While these controversial books disturbed the reading public, other writers were quietly exploring the fate of the individual. After the turn of the century, Henry James, still living in Europe, wrote three brilliant novels, “The Wings of the Dove’, “The Ambassadors” and “The Golden Bowl”, in which he plunged deep into the characters and personalities of his subjects. These were chiefly wealthy, cultured Americans living in Europe, but, like the lower-class characters of the naturalists’ novels, James’ people were trapped in their environment, struggling to find happiness. James’ interest was psychological rather than social, however. Recording the most minute details of perception, he drew his readers close to his characters’ mental and emotional processes. His writing style became increasingly complex, but this focused attention away from action and setting and onto what the characters were feeling.

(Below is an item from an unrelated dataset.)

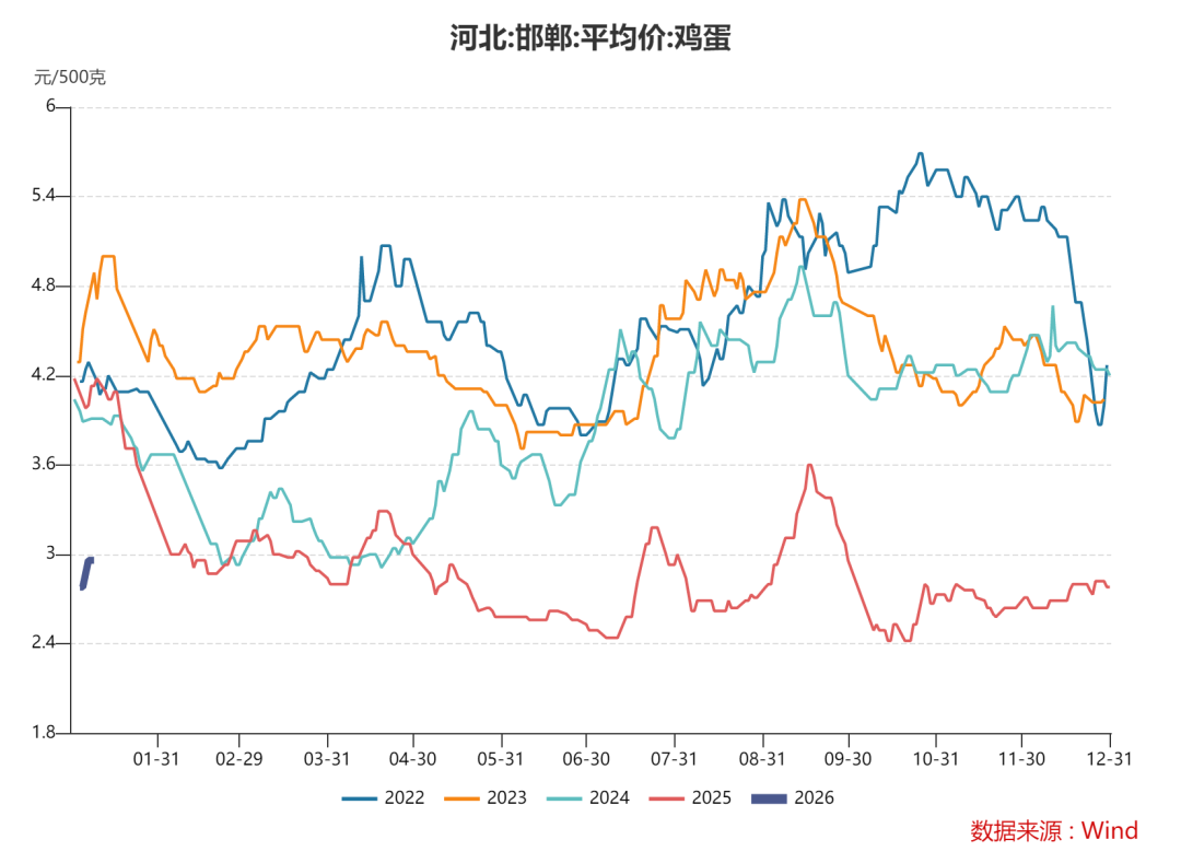 2025年四季度,鸡蛋现货价格持续低位震荡。不过自元旦开始,鸡蛋现货价格出现小幅走强迹象。以河北敦朴贸易为例,45斤鸡蛋报价从1月1日的121元上涨至1月8日131元。我们分析认为,1月份开始鸡蛋现货价格将逐步具备走强动能。

Edith Wharton (1862-1937) was one of James’ close friends and literary followers. She came from a socially prominent New York family and had married into an equally important Boston family. This high-toned social circle disapproved of her writing, but eventually she defied her peers and produced insightful novels and stories. One of her finest books, “The House of Mirth” (1905), tells the tragic story of a fading beauty hunting desperately for a rich husband. Wharton exposed her upper-class world as only an insider could, but her characters were her main interest.

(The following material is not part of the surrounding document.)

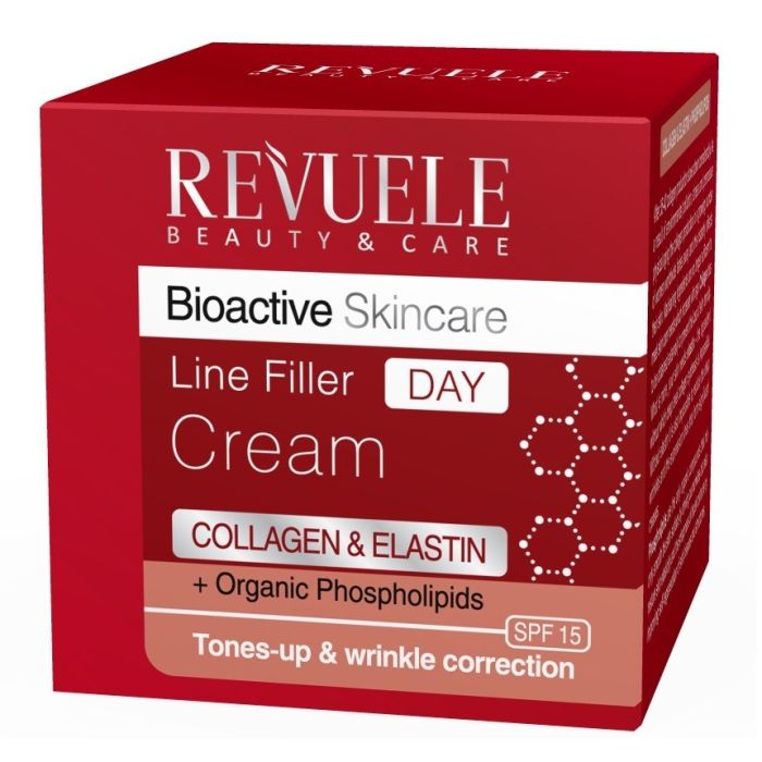 Revuele Bio Active Skincare Line Filler Day e дневен крем с богата текстура и изразено действие за намаляване на бръчките. Растителният фосфолипиден комплекс стимулира удвояването на естествената хиалуронова киселина, което видимо подмладява и изпълва кожата. Добавените колаген и еластин защитават от загуба на стегнатост и подпомагат процесите на регенерация, като удължават естествената свежест и красота на лицето. Ревуеле Колеген и еластин Биоактивен дневен крем-филър видимо изпълва бръчките, действа активно на клетъно ниво и резултатът е равномерен, гладък и подмладен вид на лицето.

By the first decade of the 20th century, even writers of popular fiction were concentrating their attention upon the lower levels of society. One of the most successful of these writers was O. Henry (William Sydney Porter, 1862-1910), who churned out hundreds of clever magazine stories, usually with an ironical surprise ending. Like Mark Twain (whose work is filled with stories about how ordinary people trick experts, or how the weak succeeded in “hoaxing” the strong), he takes the side of the “little people” and the weak “under-dogs” against the strong or important.
Midwesterners Ring Lardner (“The Love Nest and Other Stories”) and Booth Tarkington (“Alice Adams” and “The Magnificent Ambersons”), were less sentimental and more satirical than O. Henry, but they too wrote humorous popular fiction about the unglamorous lives of everyday people.